What is required
After locating the line with "Eva Grífols, Joan" in the entries below, output it and each following line up to and including the line with "近日,喜报连连,CAISHE", exactly and without pictures.

Data in this exercise
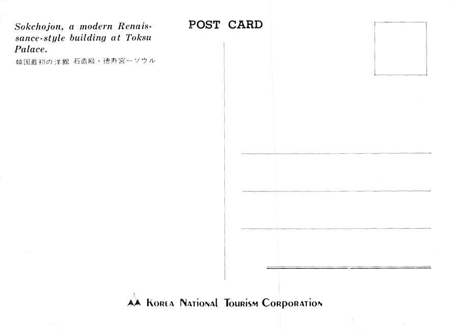 Sokchojon Toksu Palace, Korea Grade: 1 Size: Continental Size - approximatly 4 Inch x 6 Inch (15 cm x 10.5) Grading Scale: Grade 1 = Perfect corners Grade 2 = Very Minimal corner wear, no creases Grade 3 = Som ... Read More
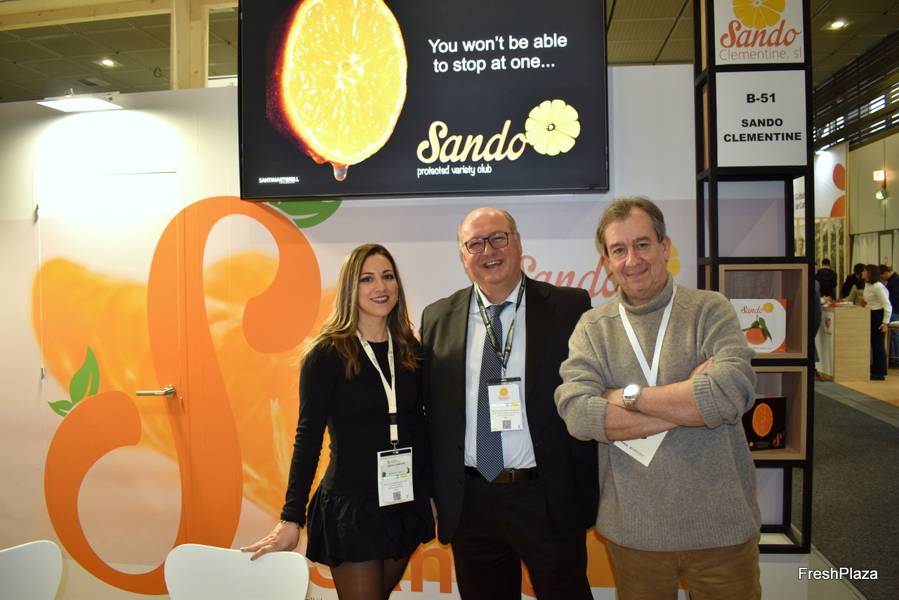 Eva Grífols, Joan Antoni Caballol y Luís Corral, en el stand de la clementina Sando.
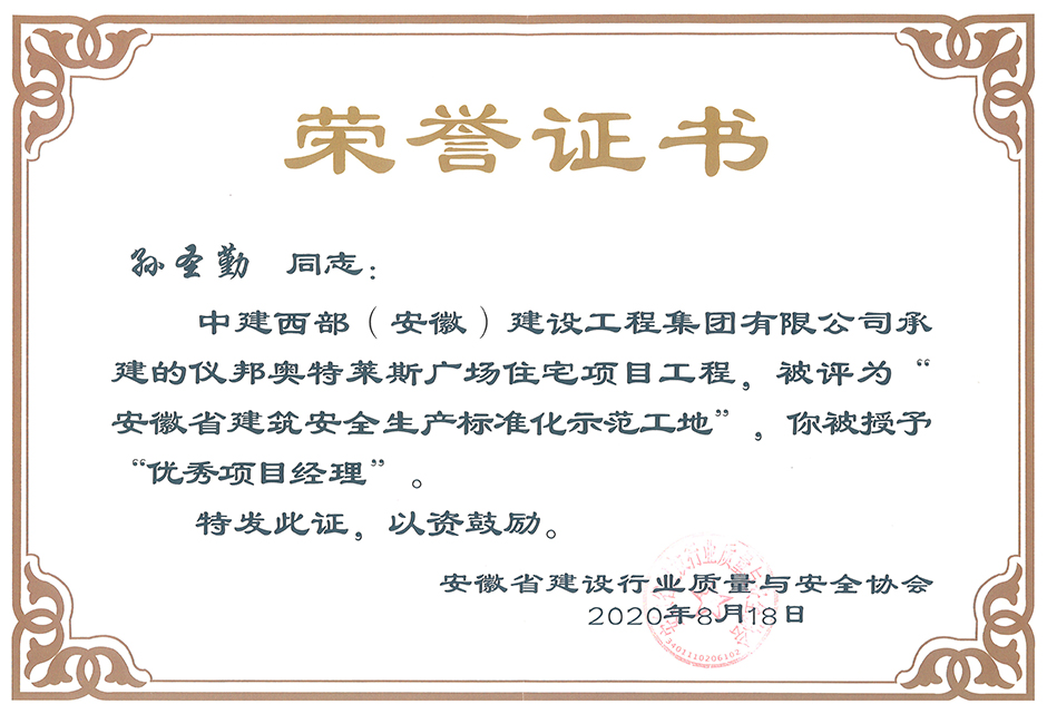 近日,喜报连连,CAISHEN.COM_财神(中国)建设集团滁州仪邦奥特莱斯广场住宅项目同时荣获安徽省建设行业质量与安全协会、滁州市住房和城乡建设局颁发的“安徽省建筑安全生产标准化示范工地”与“滁州市建筑施工安全质量标准化示范工地”称号。项目经理孙圣勤同志被授予“优秀项目经理”。
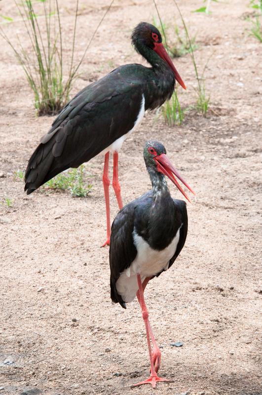 The black stork (Ciconia nigra) is a large bird in the stork family Ciconiidae. It was first described by Carl Linnaeus in the 10th edition of his Systema Naturae. Measuring on average 95 to 100 cm from beak tip to end of tail with a 145 to 155 cm wingspan, the adult black stork has mainly black plumage, with white underparts, long red legs and a long pointed red beak. A widespread, but uncommon, species, it breeds in scattered locations across Europe (predominantly in Spain, and central and eastern parts), and Asia to the Pacific Ocean. It is a long-distance migrant, with European populations wintering in tropical Sub-Saharan Africa, and Asian populations in the Indian subcontinent. When migrating between Europe and Africa, it avoids crossing the Mediterranean Sea and detours via the Levant in the east or the Strait of Gibraltar in the west. An isolated, non-migratory, population occurs in Southern Africa. Unlike the closely related white stork, the black stork is a shy and wary species. It is seen singly or in pairs, usually in marshy areas, rivers or inland waters. It feeds on amphibians, small fish and insects, generally wading slowly in shallow water stalking its prey. Breeding pairs usually build nests in large forest trees—most commonly deciduous but also coniferous—which can be seen from long distances, as well as on large boulders, or under overhanging ledges in mountainous areas. The female lays two to five greyish-white eggs, which become soiled over time in the nest. Incubation takes 32 to 38 days, with both sexes sharing duties, and fledging takes 60 to 71 days. The black stork is considered to be a species of least concern by the International Union for Conservation of Nature, but its actual status is uncertain. Despite its large range, it is nowhere abundant, and it appears to be declining in parts of its range, such as in India, China and parts of Western Europe, though increasing in others such as the Iberian Peninsula. Various conservation measures have been taken for the black stork, like the Conservation Action Plan for African black storks by Wetlands International. It is also covered under the African-Eurasian Waterbird Agreement and the Convention on International Trade in Endangered Species of Wild Fauna and Flora.
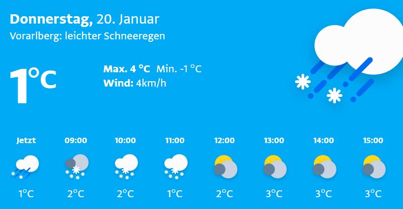 Samstag: Das trübe, nass-kalte und auf den Bergen windige Wetter hält auch zum Beginn des Wochenendes noch an. Tiefstwerte: -7 bis -2 Grad, Höchstwerte: 0 bis 2 Grad. Sonntag: Voraussichtlich bleibt es im ganzen Land trocken. Während vom Bodensee bis in den Bregenzerwald hinein noch dichte Wolken liegen, kann sich die Sonne nach Süden zu tendenziell schon besser durchsetzen. Tiefstwerte: -5 bis -1 Grad, Höchstwerte: 2 bis 4 Grad. Montag: Von Oberschwaben her können noch dichtere Wolken ins Unterland drücken, in Summe dürfte es aber ein freundlicher Wintertag werden.
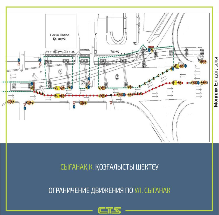 Қала әкімдігі мәліметінше,LRT жұмыстарын жүргізу жоспарына сәйкес Сығанақ көшесі бойынша жол қозғалысы өзгереді.
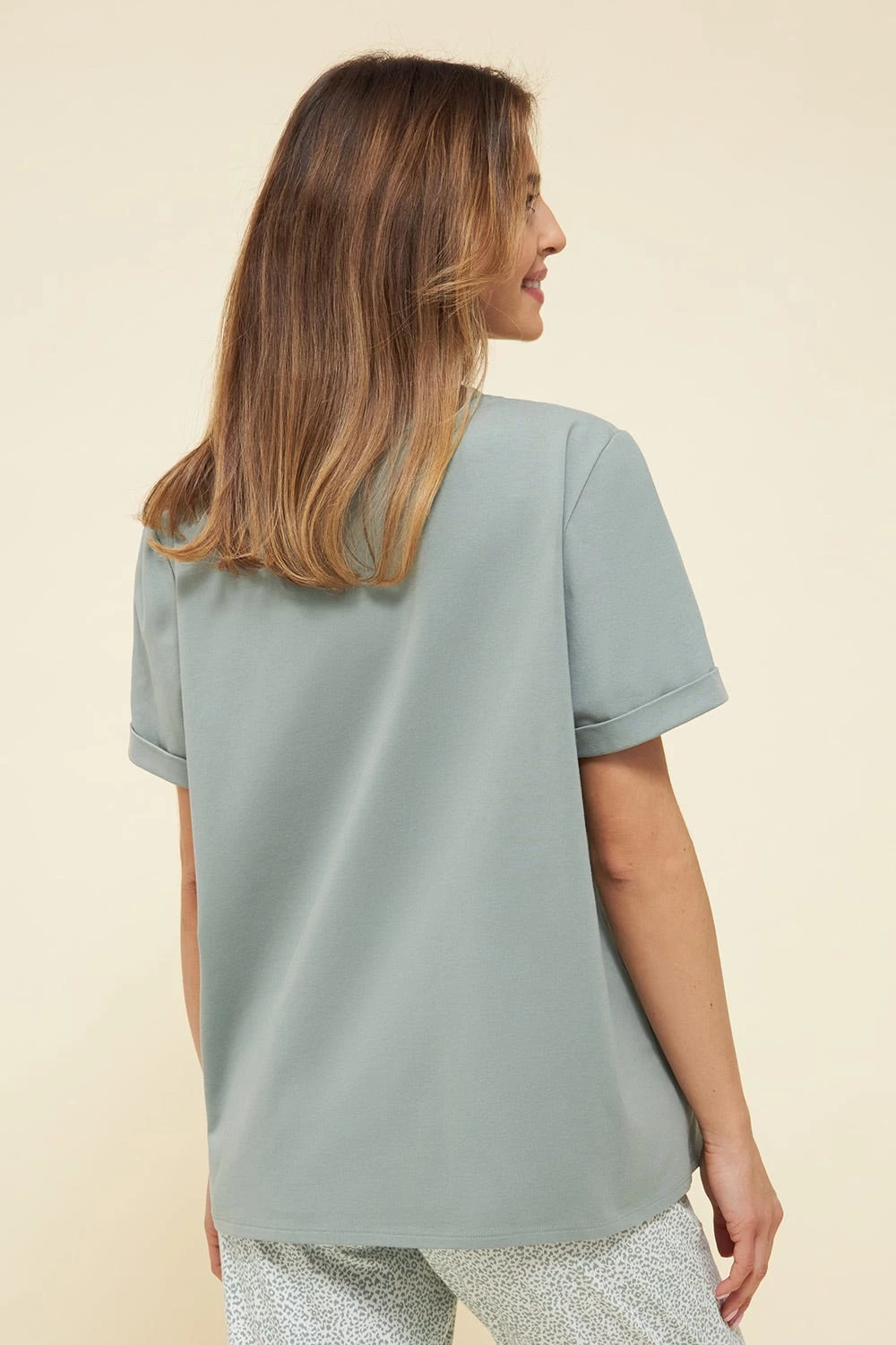 Das Design besteht aus Bio-Baumwolle. Das oversized T-Shirt besitzt Ärmel mit Aufschlag sowie einen modernen Rundhals.
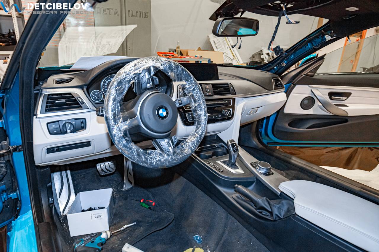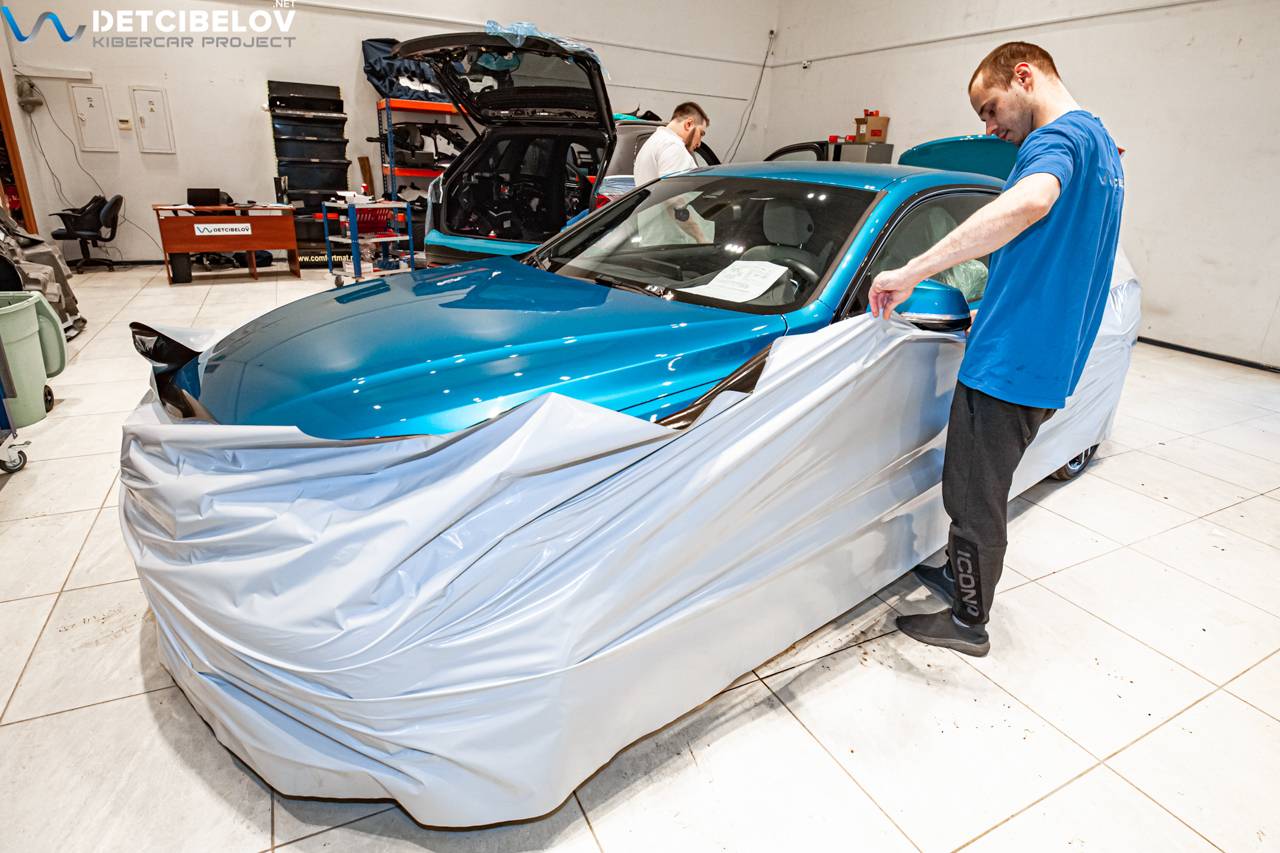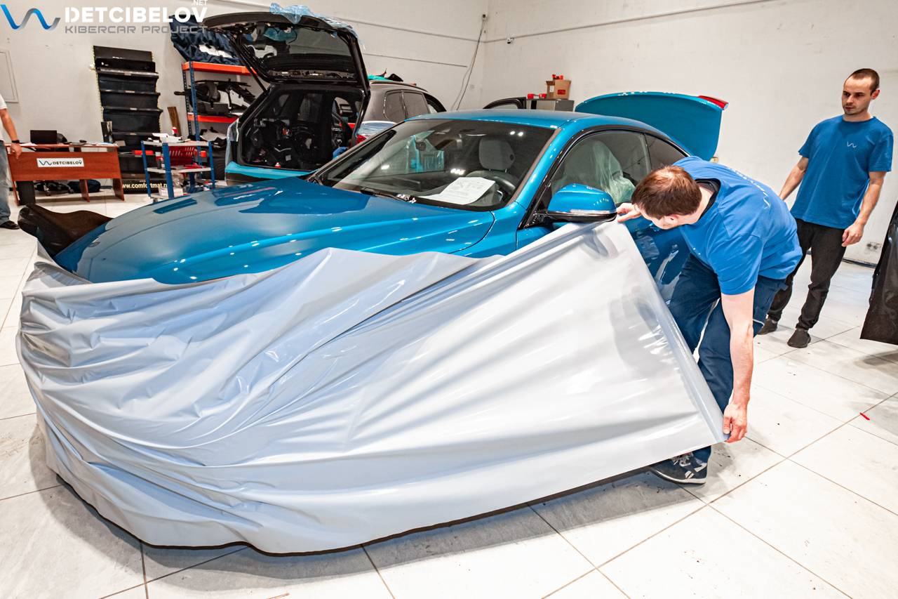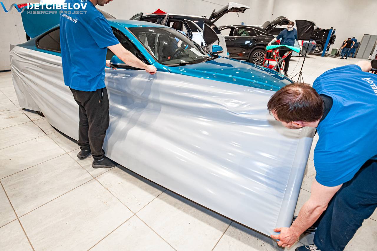 Приступаем к работе. Первым делом максимально защищаем автомобиль: оклеиваем пленкой все внешние элементы автомобиля, затем наносим скотч на пороги и арки дверей, упаковываем все мелкие пластиковые элементы в стретч-пленку. Сиденья и карты дверей помещаем в специальные чехлы.

Solution for this exercise
 Eva Grífols, Joan Antoni Caballol y Luís Corral, en el stand de la clementina Sando.
 近日,喜报连连,CAISHEN.COM_财神(中国)建设集团滁州仪邦奥特莱斯广场住宅项目同时荣获安徽省建设行业质量与安全协会、滁州市住房和城乡建设局颁发的“安徽省建筑安全生产标准化示范工地”与“滁州市建筑施工安全质量标准化示范工地”称号。项目经理孙圣勤同志被授予“优秀项目经理”。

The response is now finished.